As a result, ever since Burckhardt's 1860 Die Cultur der Renaissance in Italien (The Civilization of the Renaissance in Italy) matters have become ever more muddled. An era called the "Renaissance" exists, however one wishes to define it, and without which even the intentionally destabilizing interventions of postmodern cultural historiography, often operating by negative definition, would be unthinkable. But music in this era finds itself consigned to the margins of history, and even its liminal presence remains quite precarious. In the twentieth century little changed on this front in spite of unprecedented growth in research into both the "Renaissance" and music. Amid the many inquiries that have questioned the underlying structural power of historical eras — often heralded with loud and gleefully deconstructive fanfare — the problematic position of music has yet to be taken up and questioned. In fact, the assumption that music brought little if nothing to bear on the wider history of the period remains a perversely consistent feature of "Renaissance" historiography. If music did exist in the "Renaissance," it figures in it as a mere accident of history, at best a diffuse efflorescence of the social order that is historiographically meaningful as it relates to a certain subset of creative elites (as it is treated in Peter Burke's 1972 Culture and Society in Renaissance Italy, for example). Indeed, the history of the "Renaissance" has remained oddly content to adopt the contradictory position of being if not a history entirely without music, then a history at a certain remove from music. As a result the history of music, whether belated or not, has existed as a history apart from the "Renaissance." In Gustave Reese's landmark 1954 Music of the Renaissance, Burckhardt's name is not mentioned once, and in several other surveys of the period (many conceived of as handbooks), this conceptual problem is solved by consigning it to an introductory paragraph and gesturing to a history that exists alongside the "Renaissance." Only a few authors, notably Ludwig Finscher in his 1989–90 Die Musik des 15. und 16. Jahrhundert (Music of the fifteenth and sixteenth centuries), have explicitly brought Burckhardt's viewpoint to the foreground, and even then only to corroborate his misgivings.
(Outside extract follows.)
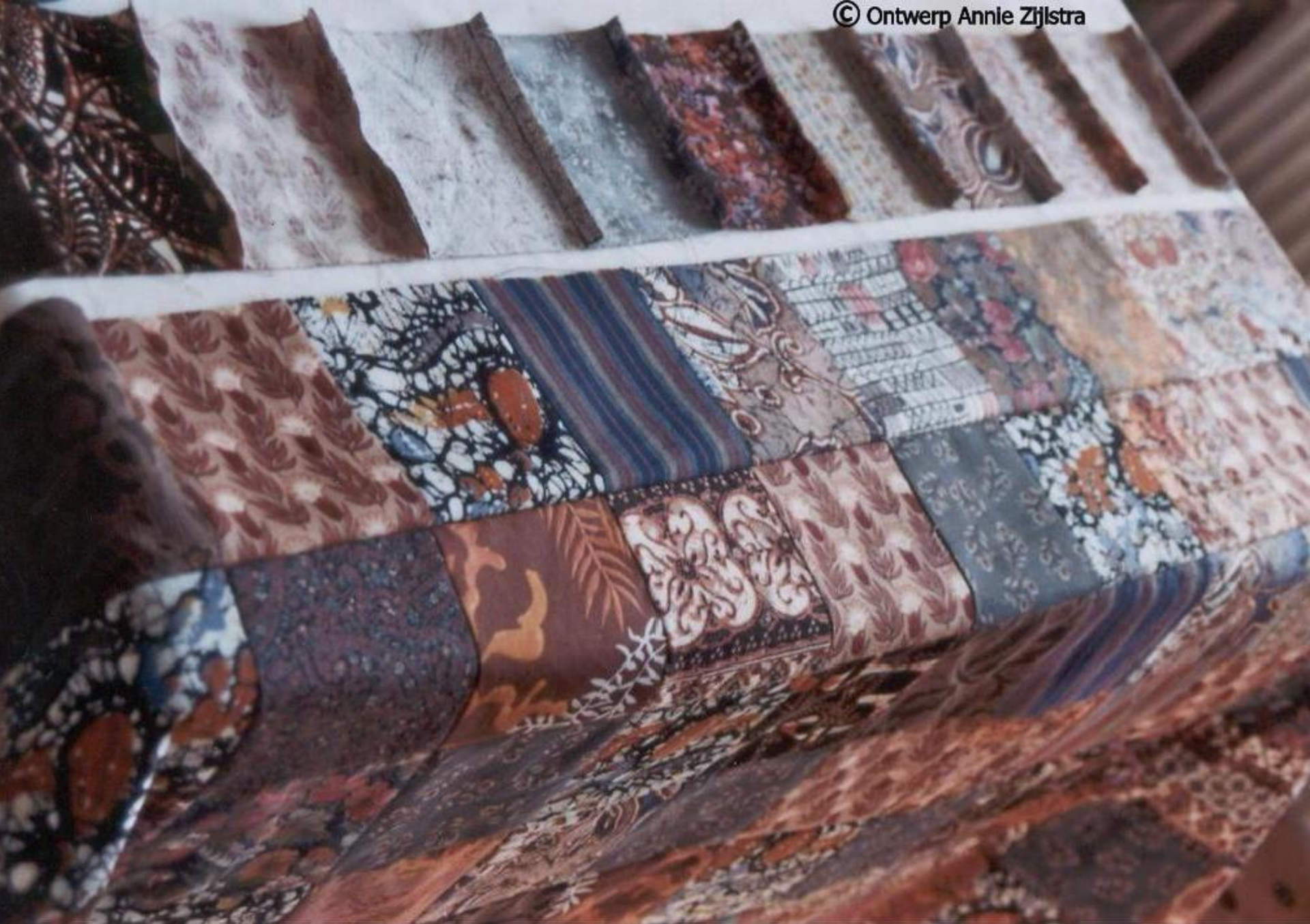
Levensdoek ' Hart ' - 2012. Quilt.

In significant ways, these challenges that the Renaissance has presented for music history remain unexplored, especially where the musical work concept is concerned. The era has been the subject of innumerable studies from a diverse array of cultural-historical disciplines and methodologies, including history, literary studies, and art history. (I understand "cultural history" not in the sense of any specialized or innovative methodology, but rather grounded on the simple and perhaps quaint premise that the activities that people undertake together in any given time and place must somehow relate to one another.) Music history, by contrast, has for the most part seemed content to confine itself in recent years to artistic or stylistic studies that only tangentially gesture to relevant external sociohistorical factors. And the decisive change that the musical work concept brought about — the most significant development since the emergence of notation — and the expansion of musical consciousness that it ushered in remain strangely decoupled from its wider context. An inquiry into the role of the work concept as it applies to music by no means forecloses other related inquiries, whether into the quality and production of music, its presence in writing versus performance, its meaning as a cognitive, emotional, or scholarly practice, or the changing meaning of non-notated or "nonartistic" music in the social, mental, and emotional activities of humans. But the existence of the musical work concept suddenly gives these questions, with which music is intimately concerned, a new and meaningful perspective.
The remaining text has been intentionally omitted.